=== Begin Enclosure ===

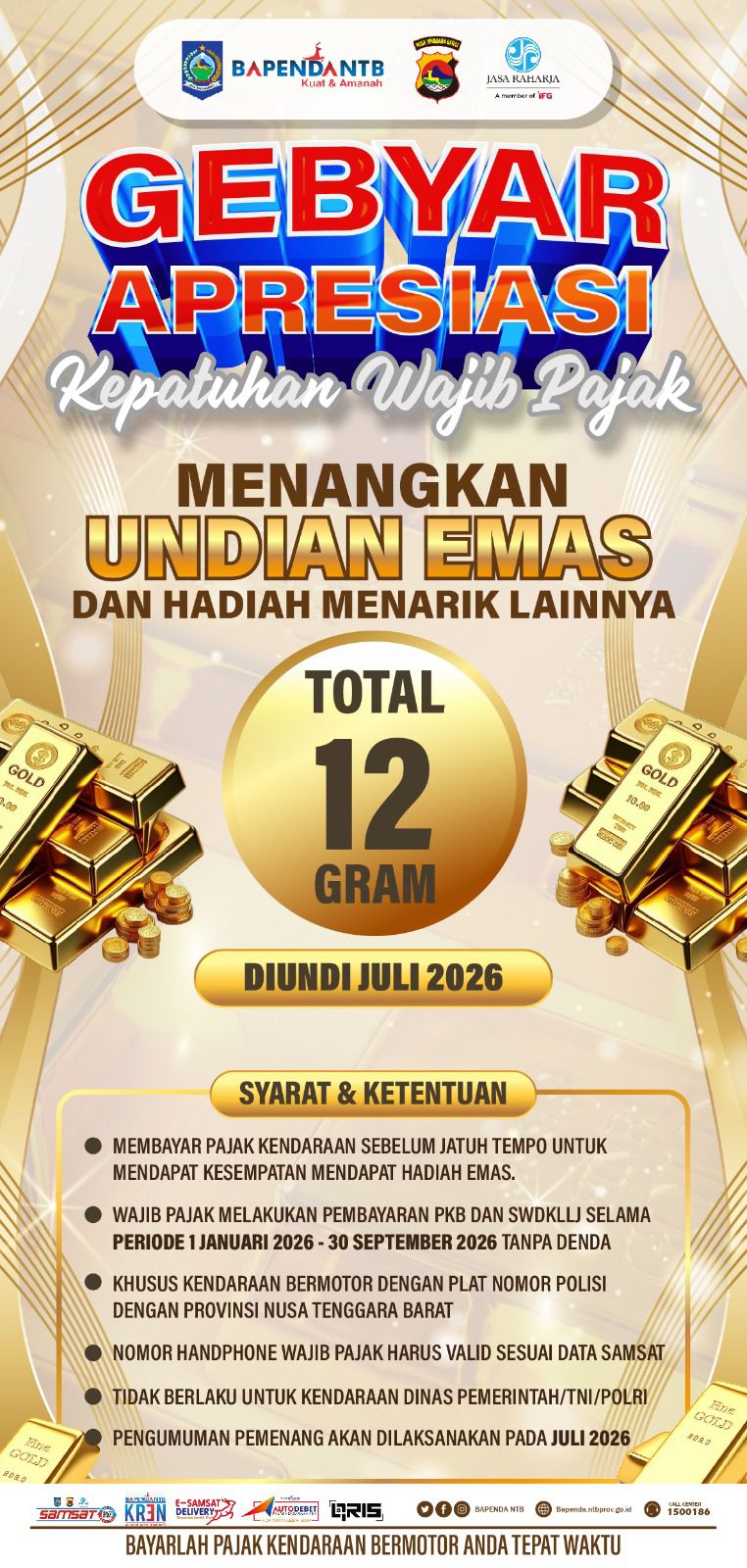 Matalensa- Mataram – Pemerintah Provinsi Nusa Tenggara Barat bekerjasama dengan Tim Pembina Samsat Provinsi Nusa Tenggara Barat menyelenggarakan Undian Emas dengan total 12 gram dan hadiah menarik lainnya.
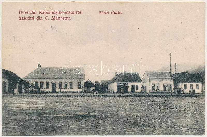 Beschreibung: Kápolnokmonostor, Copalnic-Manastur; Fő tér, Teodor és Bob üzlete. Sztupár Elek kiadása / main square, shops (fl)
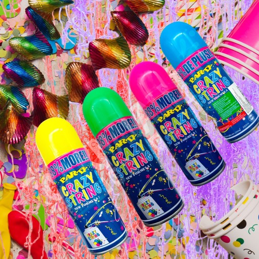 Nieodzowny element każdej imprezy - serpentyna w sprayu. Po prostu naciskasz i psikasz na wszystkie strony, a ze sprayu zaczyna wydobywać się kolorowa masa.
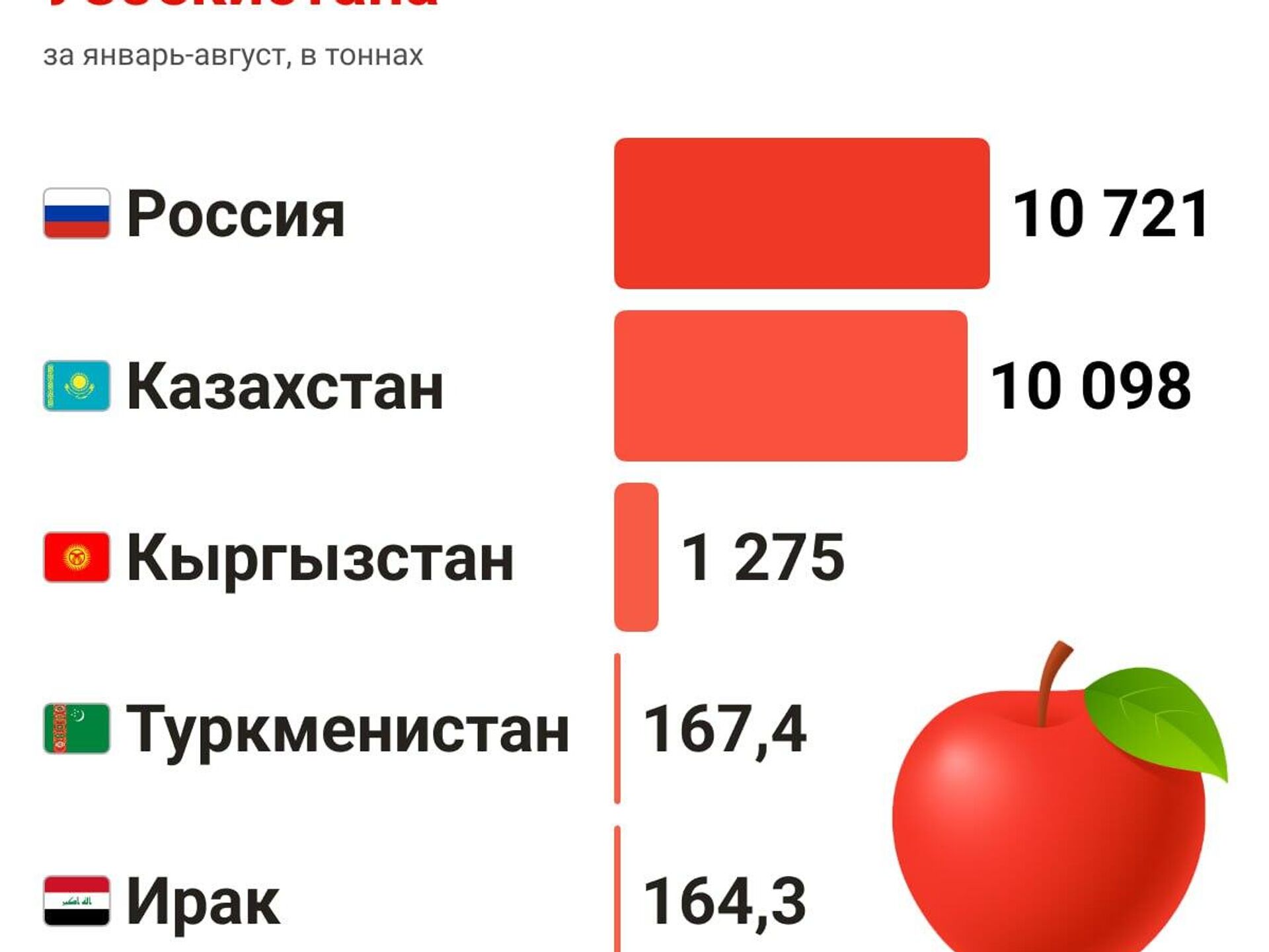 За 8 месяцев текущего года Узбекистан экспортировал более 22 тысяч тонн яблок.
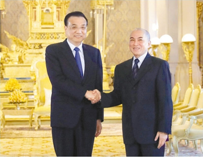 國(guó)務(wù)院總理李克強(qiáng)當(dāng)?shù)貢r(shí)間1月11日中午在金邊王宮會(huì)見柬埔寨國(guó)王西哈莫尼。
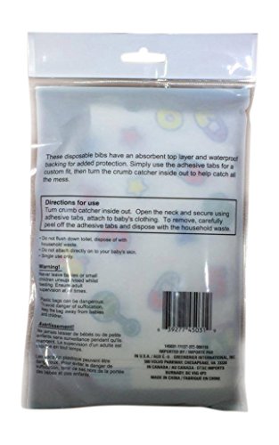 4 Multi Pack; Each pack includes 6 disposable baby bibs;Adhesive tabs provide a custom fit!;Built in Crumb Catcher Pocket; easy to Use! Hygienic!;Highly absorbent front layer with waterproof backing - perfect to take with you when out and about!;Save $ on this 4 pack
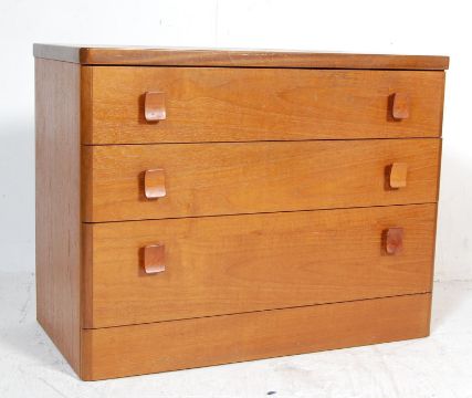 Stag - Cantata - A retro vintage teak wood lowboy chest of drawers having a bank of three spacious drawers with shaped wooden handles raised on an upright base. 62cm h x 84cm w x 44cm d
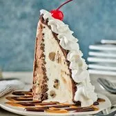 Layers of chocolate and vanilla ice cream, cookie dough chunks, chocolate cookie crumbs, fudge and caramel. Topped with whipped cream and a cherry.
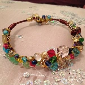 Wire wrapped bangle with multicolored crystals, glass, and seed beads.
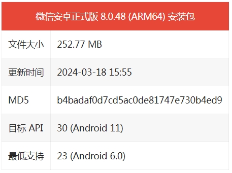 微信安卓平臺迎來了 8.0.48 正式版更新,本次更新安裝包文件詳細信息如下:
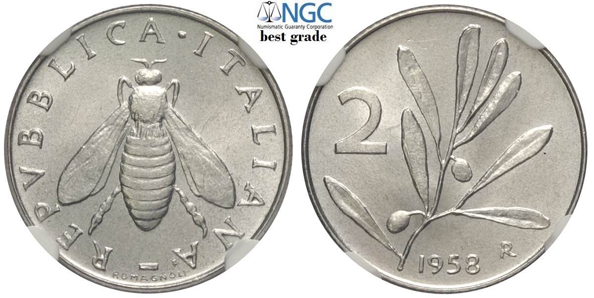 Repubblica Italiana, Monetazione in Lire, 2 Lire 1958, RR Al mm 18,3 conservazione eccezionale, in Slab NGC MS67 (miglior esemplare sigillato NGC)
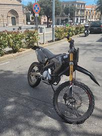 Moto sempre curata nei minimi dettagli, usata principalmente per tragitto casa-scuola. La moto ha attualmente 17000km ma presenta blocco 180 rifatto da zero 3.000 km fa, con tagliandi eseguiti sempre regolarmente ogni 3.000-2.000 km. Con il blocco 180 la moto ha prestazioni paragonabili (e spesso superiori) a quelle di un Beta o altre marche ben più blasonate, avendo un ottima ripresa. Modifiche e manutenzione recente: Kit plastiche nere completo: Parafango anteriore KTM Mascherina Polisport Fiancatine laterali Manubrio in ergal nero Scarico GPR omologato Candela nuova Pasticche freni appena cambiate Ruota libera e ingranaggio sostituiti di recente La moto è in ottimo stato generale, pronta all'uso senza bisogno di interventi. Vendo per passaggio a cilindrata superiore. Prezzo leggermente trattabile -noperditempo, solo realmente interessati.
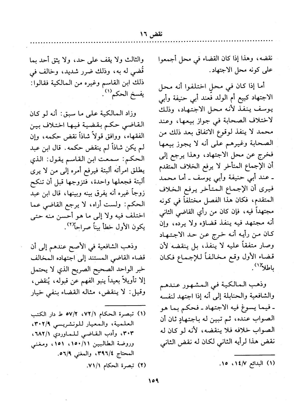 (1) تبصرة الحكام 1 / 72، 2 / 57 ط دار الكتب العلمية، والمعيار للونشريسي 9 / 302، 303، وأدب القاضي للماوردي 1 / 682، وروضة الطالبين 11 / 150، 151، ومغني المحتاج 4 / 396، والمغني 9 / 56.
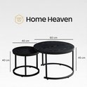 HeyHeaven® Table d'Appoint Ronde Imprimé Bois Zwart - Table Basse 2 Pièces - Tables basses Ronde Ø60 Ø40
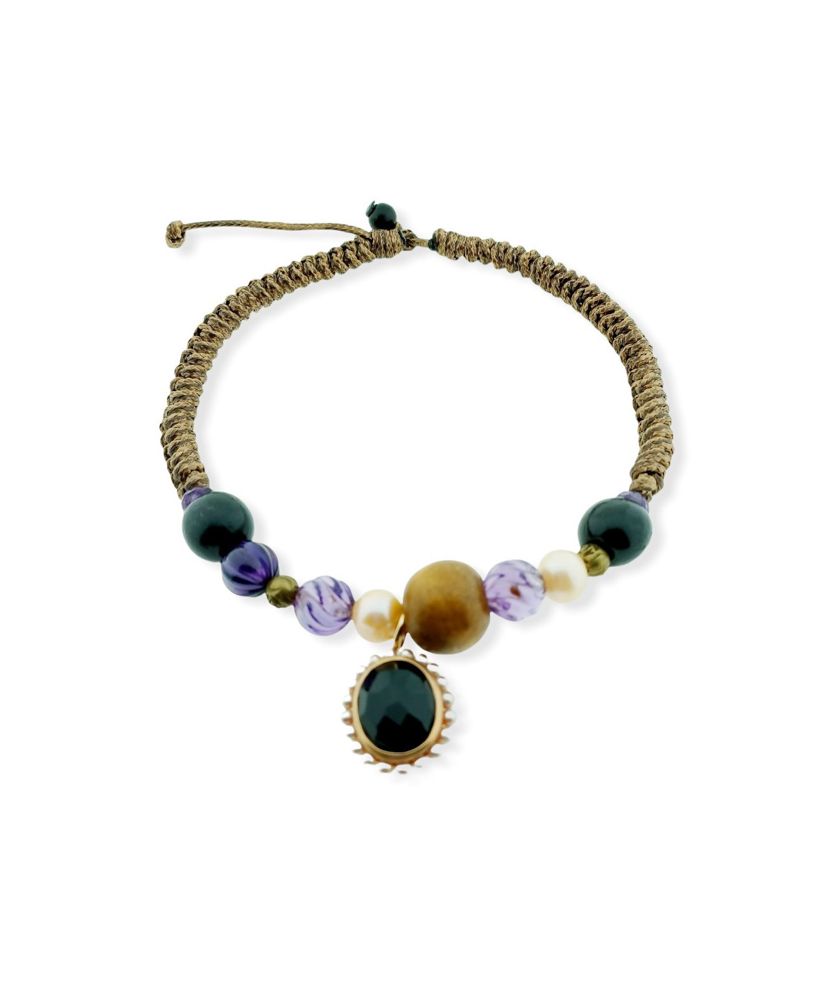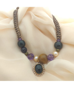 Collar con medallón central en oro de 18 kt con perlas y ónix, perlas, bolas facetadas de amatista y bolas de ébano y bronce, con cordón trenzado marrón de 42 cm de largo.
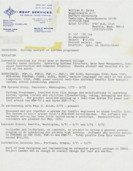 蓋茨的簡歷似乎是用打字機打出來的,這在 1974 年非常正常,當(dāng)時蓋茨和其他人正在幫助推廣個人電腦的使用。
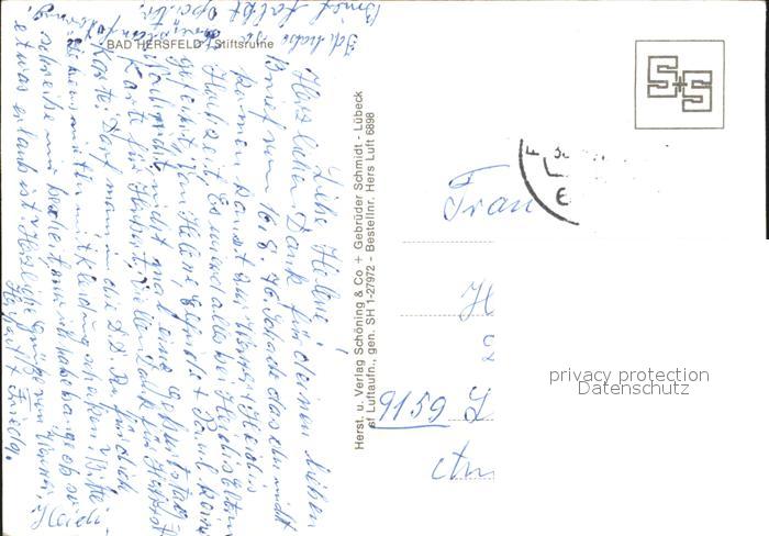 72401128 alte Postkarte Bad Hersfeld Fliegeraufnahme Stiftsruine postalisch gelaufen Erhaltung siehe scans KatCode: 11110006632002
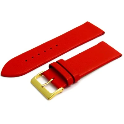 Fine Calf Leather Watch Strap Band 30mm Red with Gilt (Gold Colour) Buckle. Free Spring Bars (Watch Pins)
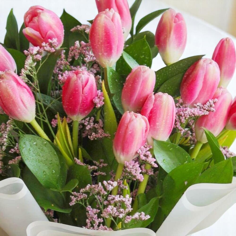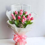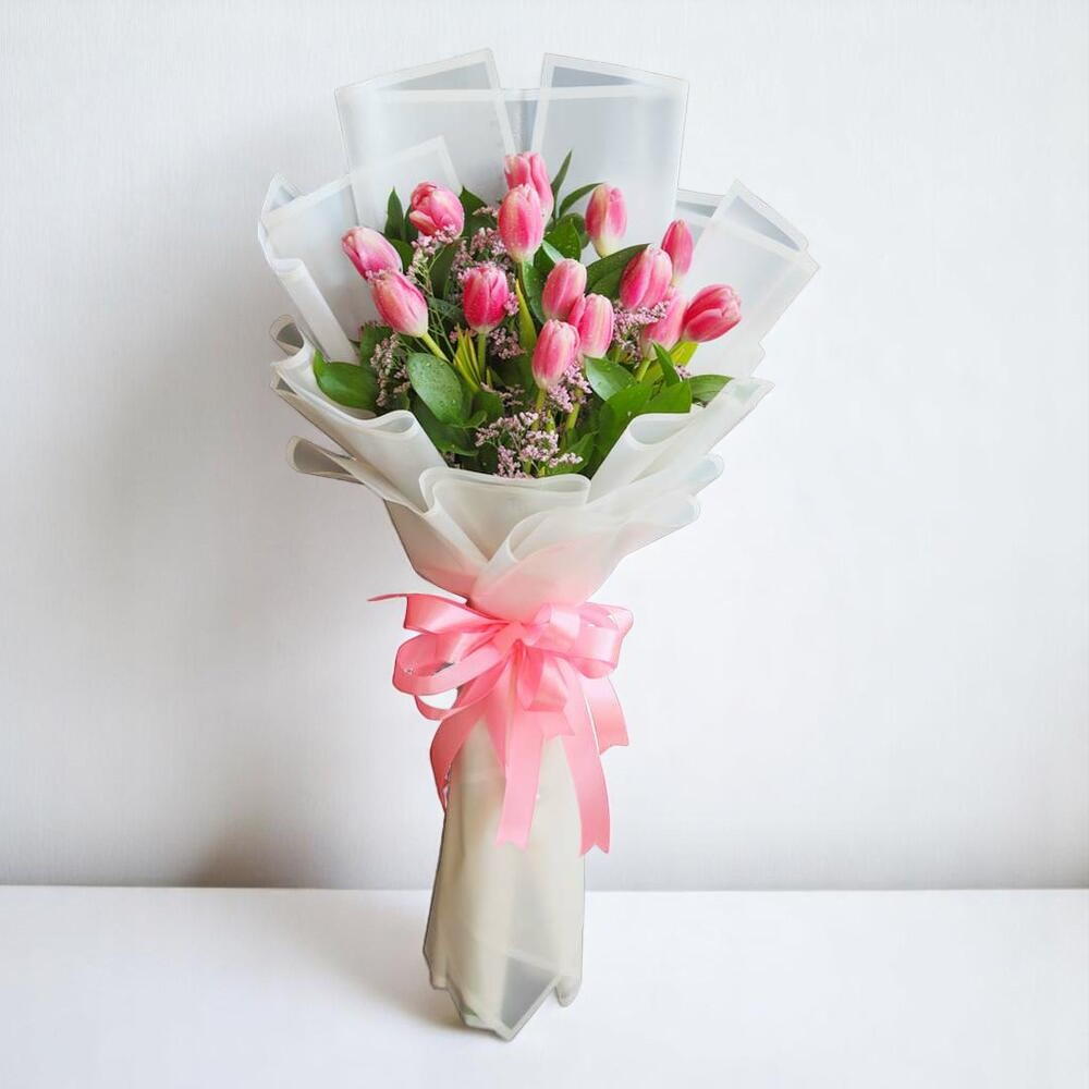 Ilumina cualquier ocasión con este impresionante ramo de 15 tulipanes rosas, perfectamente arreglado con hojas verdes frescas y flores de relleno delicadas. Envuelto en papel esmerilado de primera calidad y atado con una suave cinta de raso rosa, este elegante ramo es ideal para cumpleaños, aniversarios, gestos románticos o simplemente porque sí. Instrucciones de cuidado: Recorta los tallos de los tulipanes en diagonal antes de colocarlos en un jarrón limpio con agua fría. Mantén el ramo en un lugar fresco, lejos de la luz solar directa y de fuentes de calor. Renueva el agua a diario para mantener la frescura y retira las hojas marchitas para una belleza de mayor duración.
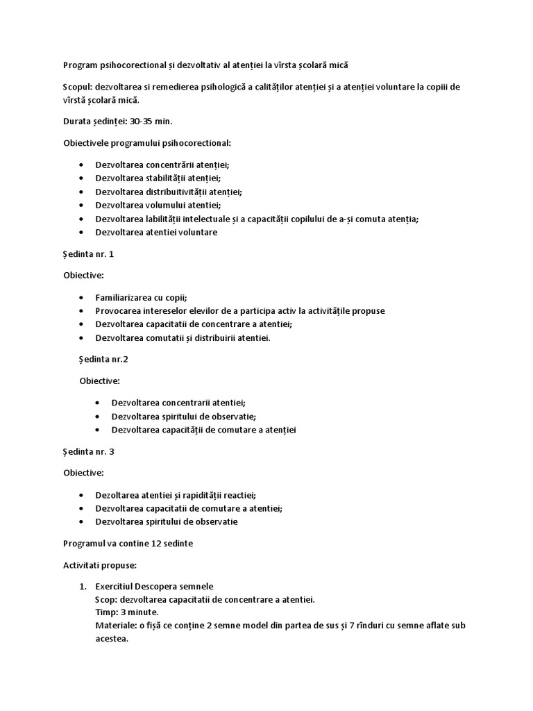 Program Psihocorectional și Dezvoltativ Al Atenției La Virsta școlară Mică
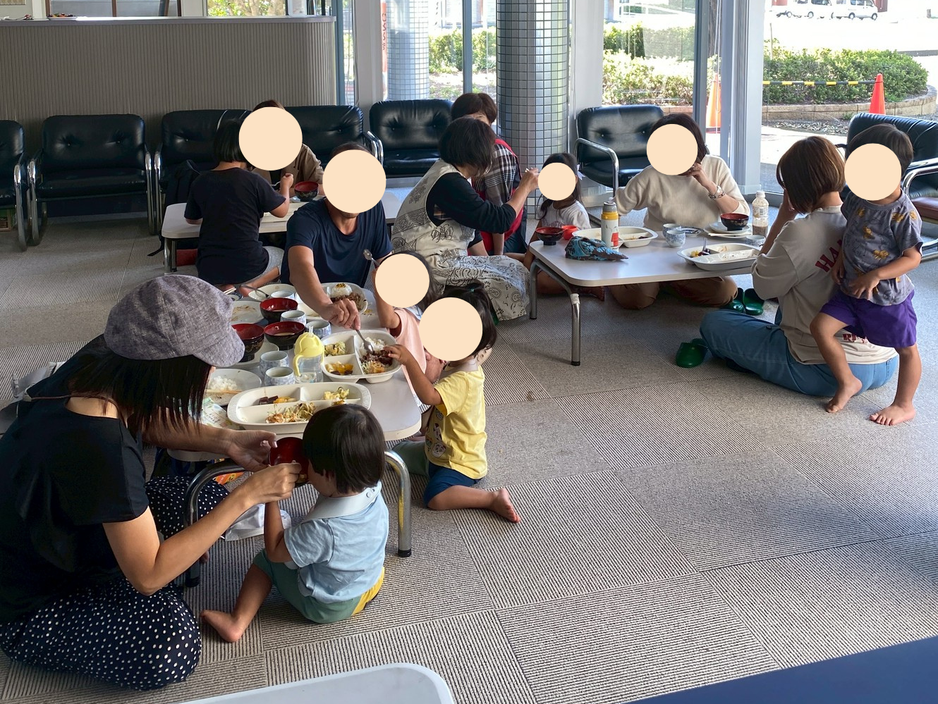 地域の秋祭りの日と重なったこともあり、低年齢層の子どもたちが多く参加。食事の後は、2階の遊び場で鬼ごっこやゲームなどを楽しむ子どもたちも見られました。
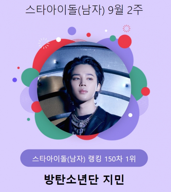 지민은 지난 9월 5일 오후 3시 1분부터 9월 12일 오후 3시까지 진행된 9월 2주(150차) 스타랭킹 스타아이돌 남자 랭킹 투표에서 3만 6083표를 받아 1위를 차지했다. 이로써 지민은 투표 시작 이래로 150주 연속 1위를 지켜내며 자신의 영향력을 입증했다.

=== End Enclosure ===

• The problem
In the entries above, find the line that contains "Layers of chocolate" and the line that contains "Repubblica Italiana, Monetazione". Reproduce exactly those two lines and every line between them, but not the pictures.

• Output
 Layers of chocolate and vanilla ice cream, cookie dough chunks, chocolate cookie crumbs, fudge and caramel. Topped with whipped cream and a cherry.
 Wire wrapped bangle with multicolored crystals, glass, and seed beads.
 微信安卓平臺迎來了 8.0.48 正式版更新,本次更新安裝包文件詳細信息如下:
 Repubblica Italiana, Monetazione in Lire, 2 Lire 1958, RR Al mm 18,3 conservazione eccezionale, in Slab NGC MS67 (miglior esemplare sigillato NGC)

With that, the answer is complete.